You should remember that there are at least two distinct ways of citing a material, as illustrated below: “Johnson and Andrews (2004) offer proof regarding the discrepancies between …” “The discrepancies between these two maladies have been demonstrated by … (Johnson and Andrews, 2004)” Rather than referring to a material that you haven’t examined yourself, you should write something like “(Johnson (1985), as referenced in Anderson et al)”. Afterwards, make sure to include the reference to Anderson et al, not to Johnson (1985), in your bibliography section.
  1. Here are a couple of widespread errors regarding specialized terms/shortened forms:
    • The shortened form for et alia (which can be translated from Latin as “and others”) is et al. As such, you ought to write “Anderson et al., 2004”. Never make use of this abbreviation when there are no more than two authors. For instance, “Johnson and Andrews (2004)” can never be written as “Johnson et al (2004).
    • The singular of the word “stimuli” is “stimulus." Never write “one stimuli”!

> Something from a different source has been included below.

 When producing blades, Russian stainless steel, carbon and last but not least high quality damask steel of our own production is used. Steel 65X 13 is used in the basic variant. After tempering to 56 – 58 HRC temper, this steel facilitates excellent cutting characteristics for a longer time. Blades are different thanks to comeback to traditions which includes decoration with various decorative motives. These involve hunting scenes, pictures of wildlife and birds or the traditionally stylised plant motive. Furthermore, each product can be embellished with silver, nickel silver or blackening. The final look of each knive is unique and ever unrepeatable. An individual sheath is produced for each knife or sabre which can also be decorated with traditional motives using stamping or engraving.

    • The word “data” is always a plural form. Rather than using the singular form, “datum," you could talk about one “data point."

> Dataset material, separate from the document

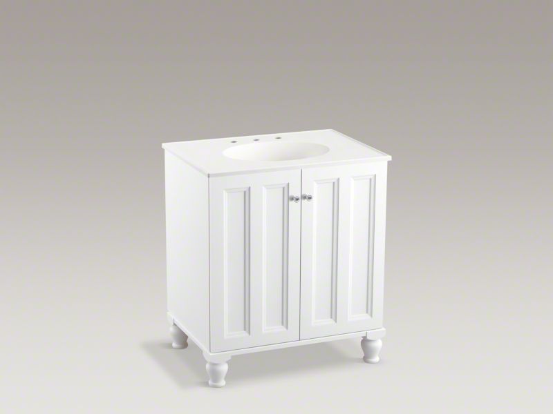 Breathtaking design meets unrivaled craftsmanship in the KOHLER(R) Tailored vanity collection. No detail was overlooked in the meticulous crafting of this collection, from the premium hardwoods to the specially designed hardware and vanity tops, all available in an array of finishes to create your own look. This Damask vanity reflects the rich details found in colonial American architecture. Complete your vanity with a coordinating top, hardware, and accessories from the collection.

    • The plural of the word “ganglion” is “ganglia." For instance: “the basal ganglia represent …”. Similarly, the plural of “criterion” is “criteria," and the plural of “phenomenon” is “phenomena."
    • Overstatements such as “colossal," “astonishing," “mighty” or “magnificent” as well as punctuation marks such as “!” must almost always be avoided.
    • Formulations like “the work of certain researchers”refer to their entire scientific activity or a subsection of it, and not to a singular piece of writing. In case you want to talk about a single piece of writing, use the word “study."
    • Replication: a research paper that tries to replicate a previous one uses the same techniques as the initial research. The term of “replication” denotes a study that has achieved the same outcomes as a previous one. If the outcomes are different, it means that the study failed to replicate the original. In case the techniques are different, the research cannot possibly be regarded as a replication.
  1. Last but not least, a lot of students are confused about abbreviations as well as possessive forms. To write a singular possessive, just add ‘s. For instance: a beast’s nourishment. To write a possessive form of a regular plural (which ends with an s), just add an apostrophe after the s. For instance: the beasts’ prey. In case of irregular plurals, make use of the same rule as that of singular possessives.
KEEP IN MIND: Devise an argument and arrive at a conclusion. You need to assert your argument needs in the introduction. The other sections must persuade the audience that your ideas are reasonable, coherent and factual. It is essential to advocate a particular idea: rather than merely defining your point, state its pros and cons.